Late in 2014, I had the good fortune to meet and photograph an artist whose reputation is becoming as big as the work he is making.
Andy Scott, the sculptor who created the magnificent Kelpies which dominate the landscape near Falkirk, is also responsible for a number of other public commissions which are dotted around central Scotland. When I first visited his studio, a cavernous shed in a Maryhill industrial estate, he was working on his latest creation, a commemorative statue to all those who had lost their lives in the service of the Scottish steel industry.
My personal involvement in this story was relevant and timely: I had just finished a body of work about the iconic Ravenscraig hot strip mill, which had dominated Scotland’s industrial landcsape from its construction in the late 1950s until its premature and controversial closure in 1992. I had revisited the site of the former steel mill to discover what had become of the place and people who had worked there. The project, entitled The Fall and Rise of Ravenscraig was exhibited as part of Document Scotland’s Common Ground show at Street Level Photoworks in Glasgow in 2014.
With almost symbiotic timing, Andy was designing his statue, the making of which I documented through the following winter and spring. Steel Man was unveiled at a moving ceremony in June 2015 on a small patch of land which once housed part of the gigantic Ravenscraig steel mill.

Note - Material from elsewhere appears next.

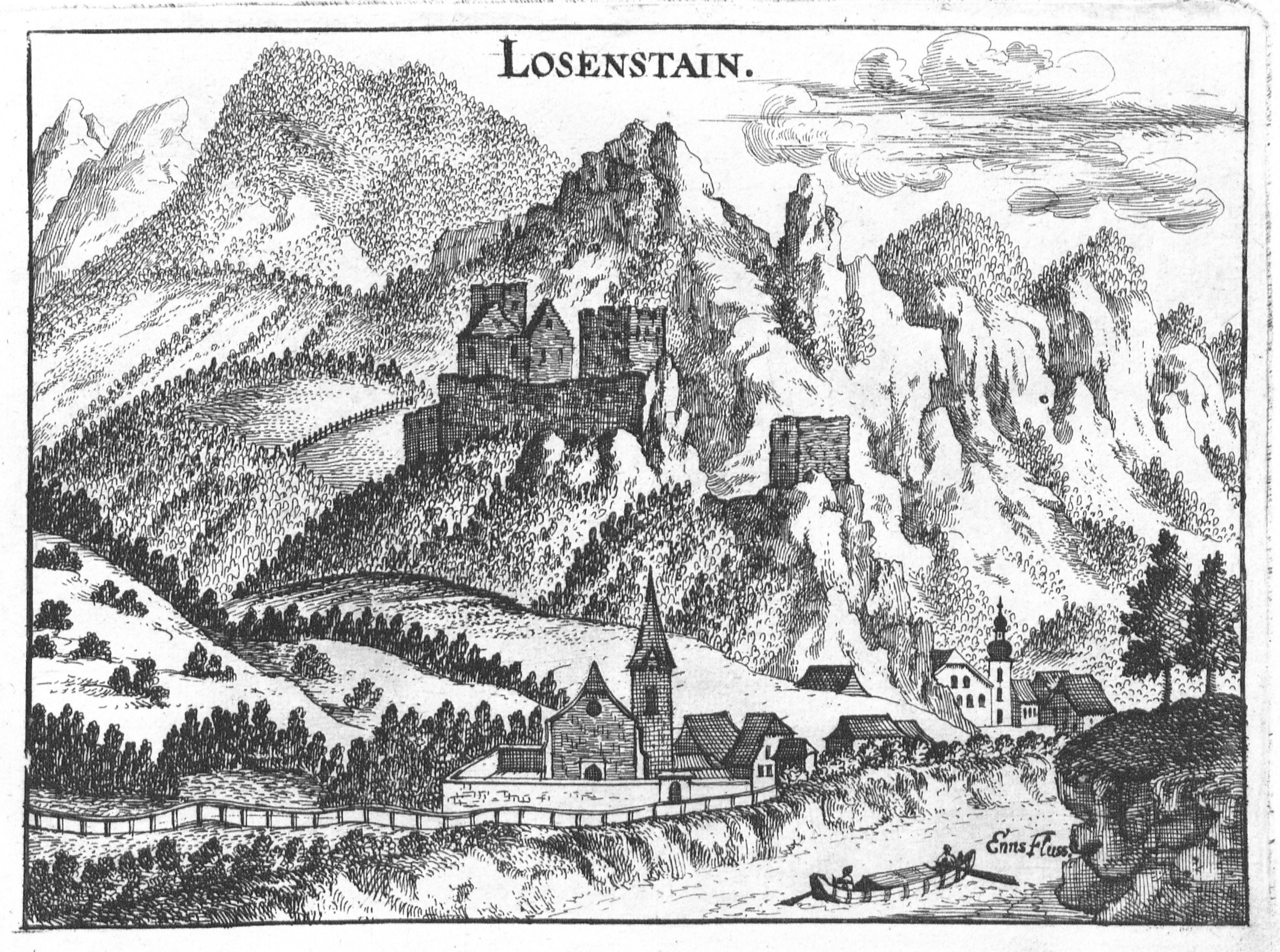 Engraving, view of Losenstein castle, Upper Austria

It is a fitting commemoration to those who gave so much in the service of Scotland and a wonderful and iconic piece of contemporary art.
Andy Scott in his studio. Photograph © Colin McPherson, 2014 all rights reserved.
Scottish sculptor Andy Scott, working on his latest piece of public art, a memorial statue to men who lost their lives in the Scottish steel industry, at his workshop in Maryhill, Glasgow. Scott was best known for his twin horse sculptures entitled the Kelpies, which are located on the Forth and Clyde canal at Falkirk in central Scotland. The memorial to the steel men had a proposed completion date of spring 2015 and will be sited at Ravenscraig in Lanarkshire, on the site of Europe’s largest former hot strip mill, which closed in 1992.